Tuesday, February 16, 2010

Three Simple Words

“The weak can never forgive. Forgiveness is the attribute of the strong.” ~ Mahatma Gandhi


A few weeks ago, I was talking to a friend about the problems she had with her mother in the past. Knowing the mother, I could completely understand where she was coming from, yet one thing was as clear as spring water – even if her feelings were justified, my friend was not happy.

The discontent began when Sharon – the name is fictitious to protect her identity - was a small child; likely, it probably goes back even further, but her memories of times past only regress to a certain point, right around the time when she was about five years old.

Her mother was a victim of her own choices. After marrying young to escape abusive parents of her own, she had become pregnant with Sharon when she was only nineteen, and had almost immediately found herself trapped; with a much older and controlling husband, and a daughter to care for, the poor woman was stuck in a role she despised. She had dreams when she was young, and many times, when she finally laid her head down at night, she could shut out the world and live the life she wished she could have.

Her disappointment toward life turned into anger first and in control over her daughter’s life. Sharon had no choices; her mother made them all for her. That kind of smothering control triggered the opposite approach to parenting in Sharon. Terrified of growing into her mother, she had chosen to be a friend only and couldn’t bring herself to discipline her own daughter. As her daughter quickly began descending a vicious spiral of occasional drug use and bad company at sixteen years of age, her maternal instinct nudged her to take control of the situation, but her past experiences blocked her from taking charge. Indirectly, her mother was still controlling her. Sharon knew it was time to make some changes.

She felt like she hated her mother even more now, and she held her responsible for her own daughter’s poor choices. She ranted over the older woman’s mistakes almost two and a half decades earlier, and the first words out of her mouth were in regard of the fact that her mother had ruined her life first and she was now working on her granddaughter. That’s where I had to stop her – her mother, wrapped into her own anger, might have been abusive in the beginning, but now she was the one picking up where her mother had left off. It was time to let go of past resentments and focus on present problems.

Letting go was hard, as by letting go of the chokehold her mother had her in she felt she was condoning her actions. It never occurred to her that by forgiving her mother she was not letting the old lady off the hook, but she was allowing herself to finally be free from the influences of the past.

She finally did. About a week ago, she went to visit her mother and told her about the feelings she had fostered all these years.
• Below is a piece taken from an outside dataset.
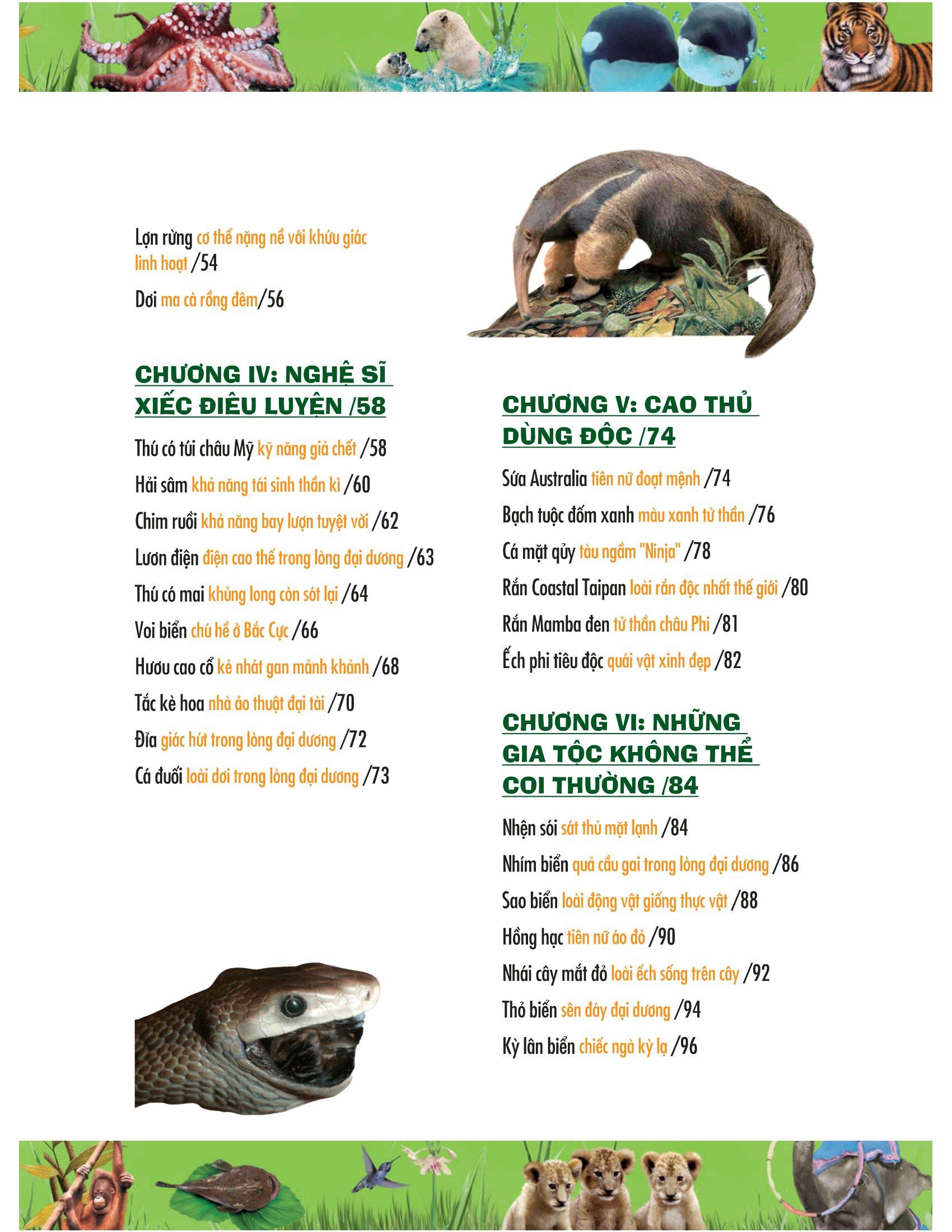 Cuốn sách này sử dụng những bức tranh sinh động và ngôn ngữ hài hước để giới thiệu với các bạn về đặc điểm inh hoạt, khả năng sinh tồn, những nét nổi bật của những loài động vật khỏe nhất, xấu xí nhất, tàn nhẫn nhất, nguy hiểm nhất, hung dữ nhất và kì diệu nhất… Cuốn sách sẽ cung cấp những kiến thức giúp chúng ta hiểu biết thêm về những loài động vậ

In return, her mother explained her own feelings toward her and asked to be forgiven. Sharon could not utter words of forgiveness, until her mother broke down and said: “Don’t make the same mistakes I made. I can’t change what happened when you were a little girl, but you can change what will happen to your daughter.”

Sharon went home and thought about the events of late. Her mother was right – no amount of anger, of resentment or justification could change the past, but maybe there was hope for the future. She picked up the phone and called her mother. “I forgive you,” she said, nothing else; then she hung up. Those three words suddenly lifted the weight she had carried on her back all her life, and removed the blinders from her own eyes. When her daughter got home that evening, she called her into the living room and they had a long talk. The daughter half-way listened and then got up to prepare to go out with her friends, but Sharon stopped her before she could walk out of the room. “Not tonight,” she said, “tonight you’re staying home.”

Sharon was free. Forgiving her mother didn’t make her accept her mother’s ways, but it gave her an edge to stop those behaviors from affecting her present life and her parental skills. Unknowingly, she had found the key to come into herself.